Your task — Could you return all of the entries word for word, minus any pictures?

Provided data —
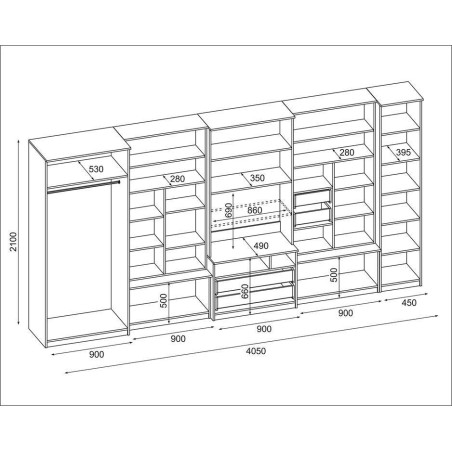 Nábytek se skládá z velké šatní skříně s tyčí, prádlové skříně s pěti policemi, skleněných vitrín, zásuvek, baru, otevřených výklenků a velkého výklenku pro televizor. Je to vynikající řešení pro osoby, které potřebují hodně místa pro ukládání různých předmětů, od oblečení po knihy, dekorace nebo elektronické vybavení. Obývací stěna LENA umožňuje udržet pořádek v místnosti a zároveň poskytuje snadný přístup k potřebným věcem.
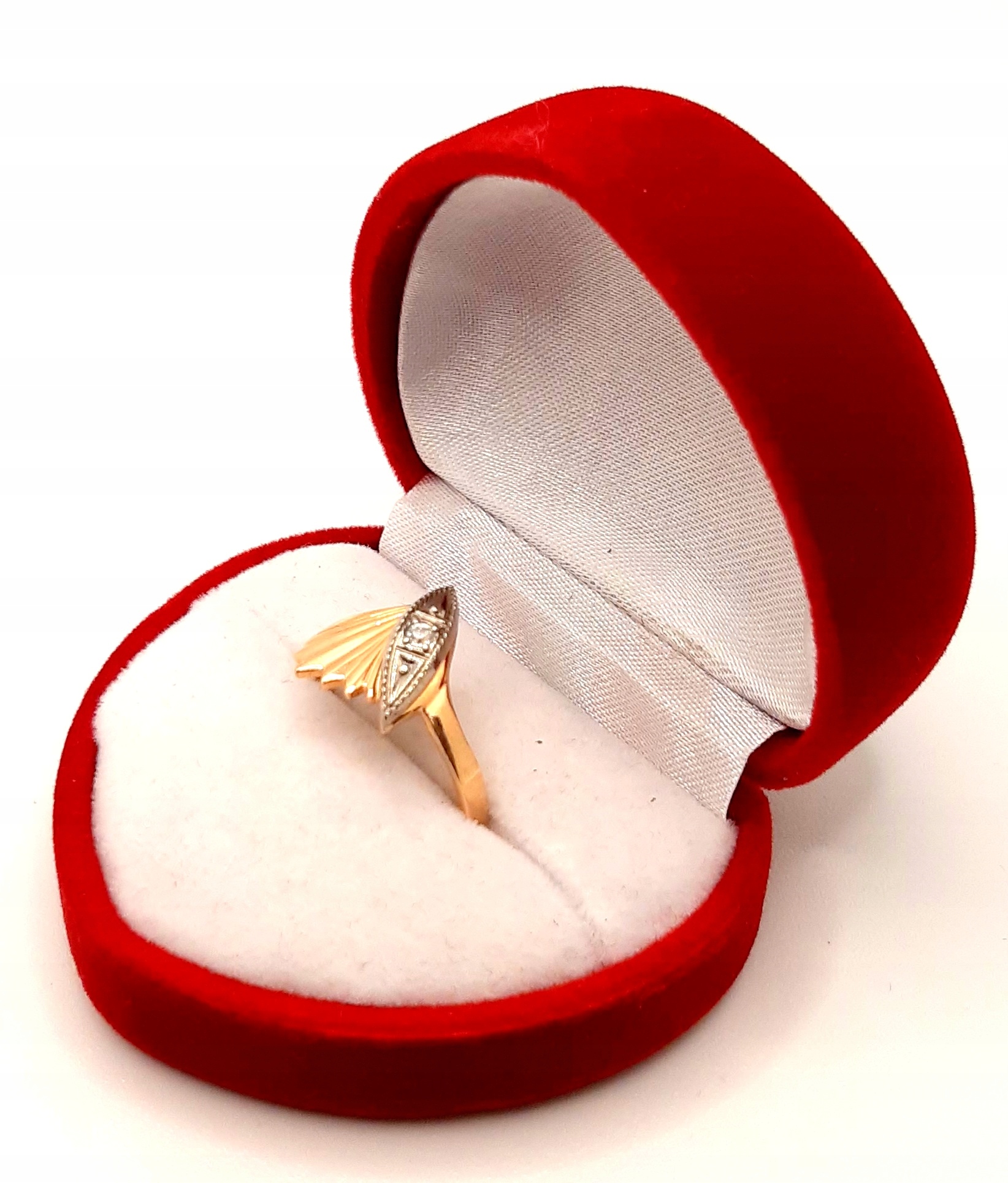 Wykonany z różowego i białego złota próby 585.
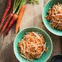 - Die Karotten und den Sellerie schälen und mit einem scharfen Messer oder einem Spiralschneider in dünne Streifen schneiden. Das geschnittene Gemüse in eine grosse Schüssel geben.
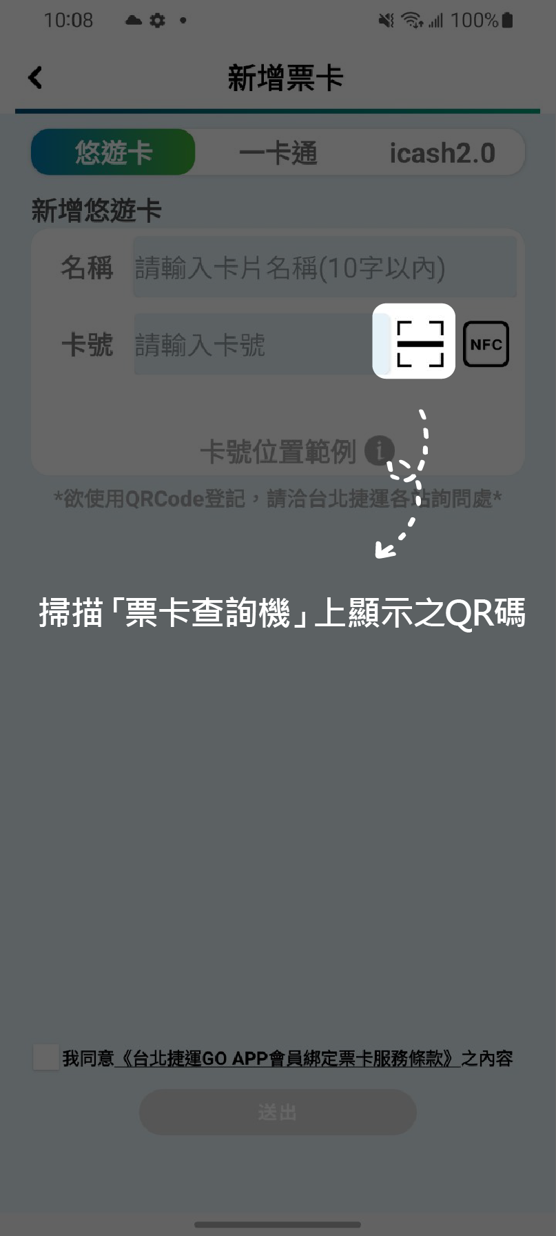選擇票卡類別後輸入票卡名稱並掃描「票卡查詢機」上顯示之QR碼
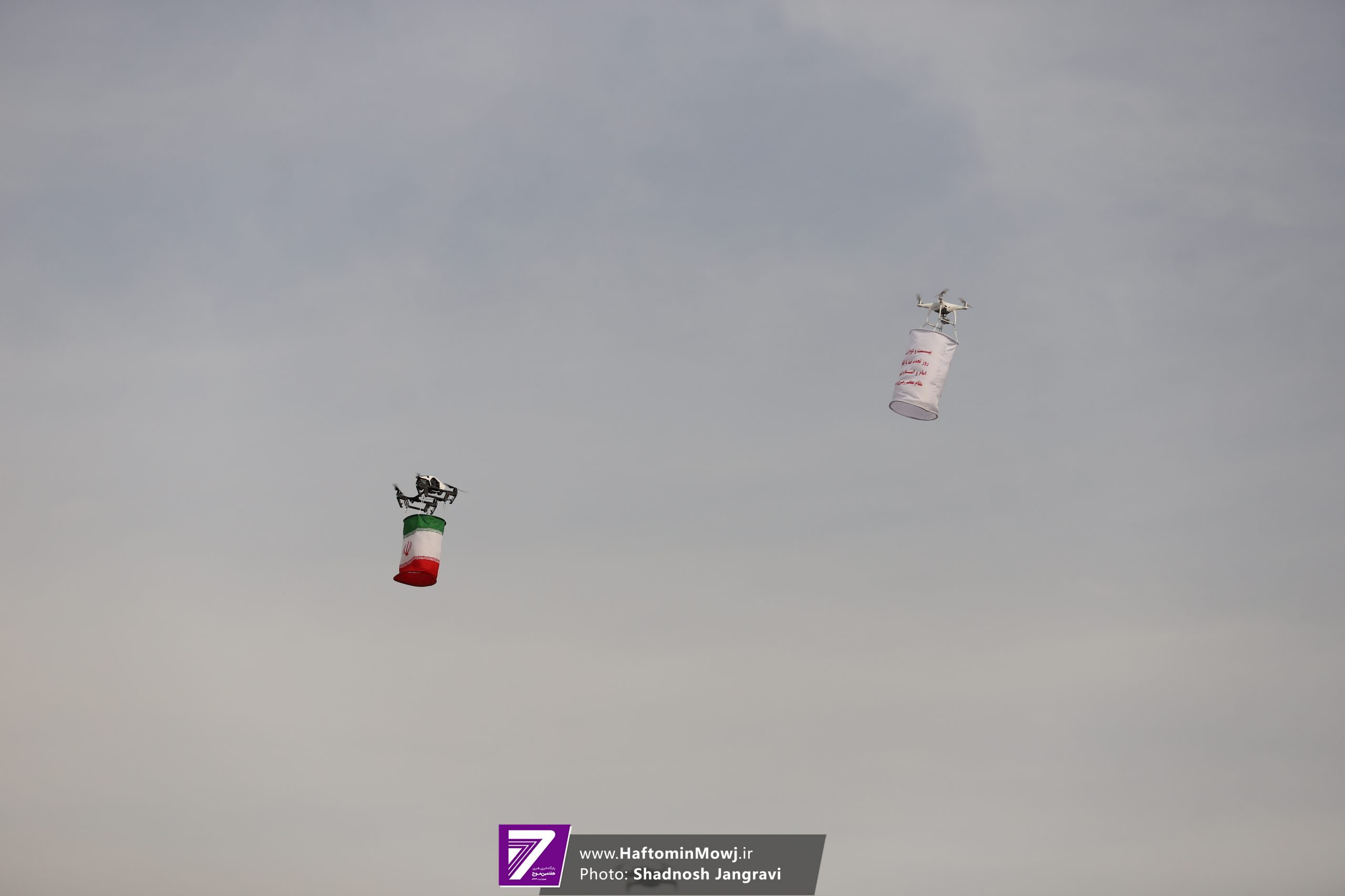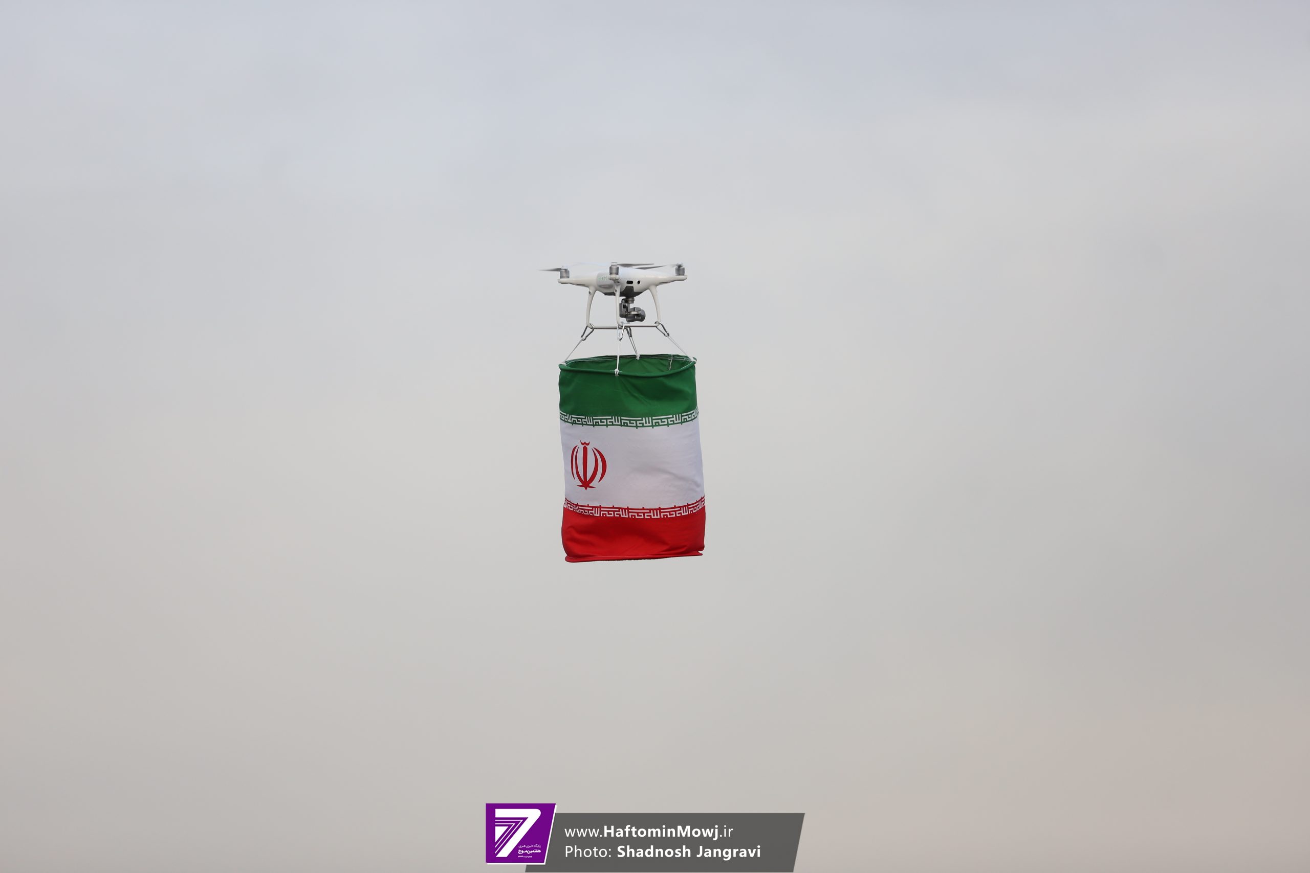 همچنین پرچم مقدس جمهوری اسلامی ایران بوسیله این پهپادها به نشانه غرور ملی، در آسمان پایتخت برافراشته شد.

Response area —
 Nábytek se skládá z velké šatní skříně s tyčí, prádlové skříně s pěti policemi, skleněných vitrín, zásuvek, baru, otevřených výklenků a velkého výklenku pro televizor. Je to vynikající řešení pro osoby, které potřebují hodně místa pro ukládání různých předmětů, od oblečení po knihy, dekorace nebo elektronické vybavení. Obývací stěna LENA umožňuje udržet pořádek v místnosti a zároveň poskytuje snadný přístup k potřebným věcem.
 Wykonany z różowego i białego złota próby 585.
 - Die Karotten und den Sellerie schälen und mit einem scharfen Messer oder einem Spiralschneider in dünne Streifen schneiden. Das geschnittene Gemüse in eine grosse Schüssel geben.
選擇票卡類別後輸入票卡名稱並掃描「票卡查詢機」上顯示之QR碼
 همچنین پرچم مقدس جمهوری اسلامی ایران بوسیله این پهپادها به نشانه غرور ملی، در آسمان پایتخت برافراشته شد.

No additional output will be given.